How will a user be able to understand the source of a given piece of information about COVID-19 and be able to make an informed assessment of its reliability?
This is also a question that is getting more attention lately.
How do we, as users who are not media professionals, spot information pollution and learn to judge the trustworthiness of what we see? This is especially tricky, considering that even the most professional media with a transparent fact-checking process could have political tendency.
A good starting point would be reading and hearing more voices on the subject. However this is not as easy as it sounds. Information is not always organized as formal debates, where people of different backgrounds and interests will offer their concise opinions, corroborated by supporting facts and evidence.
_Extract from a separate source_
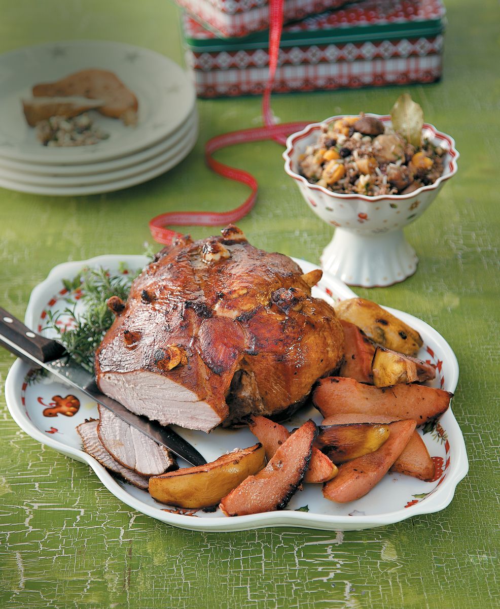 Χοιρινό μπούτι γαρνιρισμένο με γέμιση και σοταρισμένα κυδώνια

As part of our mission, we try to deliver information in a similar format to “debate”, where the users are able to view different perspectives from various sources in one convenient place. However, this alone does not guarantee that every piece of information we show is “reliable”. Our short-term goal is to reduce the redundancy of information presented, so that a critical reader would take less time before forming an educated opinion on the subject, and so have the ability to assess the reliability of information on a comparative basis. Our solution now is to include only sources that are known to have a professional and transparent fact-checking process. As part of our future research, we aim to automate the comparative analysis approach, and build systems for inferring the reliability of information based on similar perspectives or evidence that are known to be well-corroborated or trustworthy (e.g. peer reviewed).
Which new sectors are you looking to target and what are your plans for the next year?
The fight against information pollution has been an on-going part of my Ph.D. study, and I plan to continue this effort. Beyond what we have discussed here, there are many other aspects of information pollution that needs automated support. The reliability of sources would be an example. For the rest of my Ph.D. study (and maybe my research career), apart from working towards the solutions, I would also like to bring more attention to the problems I’m trying to address. Hopefully what I have shared so far has convinced you that this is an important problem.